Everyone knew the lad from the unhealthy look of his dull, copper-tinged hair and the high, raspy sound of his voice. The hair was discolored from a lack of nutrition and the voice had developed from an infancy of wailing for a mother who never responded. The combination should have killed the child before he was a toddler, but some impossible gift for self-preservation had saved him for the streets.
“Come on, then, Michael,” big Jack yelped into Byrne’s ear while grabbin
g him by the coat sleeve. “Screechy says the Five Points boys are havin’ it out with the Alphabet City Gang over in Tompkins Square Park.”
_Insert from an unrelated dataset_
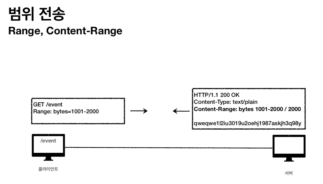 > 큰 리소스를 전송하는 도중 커넥션이 끊겼을 때, 범위전송을 사용할 수 있다.

Screechy. Every time Byrne saw the kid he thought of Danny, the same feral nosiness, the same lust for everything in the streets and how it worked, especially the ways of the cons, the hooks, the pickpockets and hustlers. Screechy was Danny fifteen years ago, and like Danny, he had the ability to pull you into a place you shouldn’t be going.
Most of Byrne’s troupe was already started out the door, reinforced by their drunken buzz, following after the smell of adrenaline and violence. When Byrne hesitated, his old friend gave him that practiced look of impish amusement. “Just for a look-see, eh? Not that we have to get into it, you know?”
Out in the street the cold hit them all in the face. It had been near fifty degrees inside McSorely’s, the place being heated by a single fireplace and the body temperature of a couple dozen men, but out here the temperature was below freezing and the lot of them thrust their hands into pockets and moved more or less as a group down Seventh Street east toward the park. By the time they’d reached Second Avenue and passed under the El the frosty air had sobered Byrne enough to start him second-guessing his decision to come along. In the light of the dim electric lamps on the avenue he could see the plume of his own breath and feel the hairs inside his nose crinkle with cold.
“What the hell, Brennan,” he said, “has happened to my going away party?”
Half said in jest, the comment seemed to float in the darkness over his big friend’s head as they made their way down the next block. Brennan’s nose was up in the air as if sniffing at a trail to a feast. The big man stayed quiet, matching the quick steps of their group ahead until they crossed First Avenue and heard a human howling in the distance. From his higher vantage point, Brennan spotted torch flames in the distance.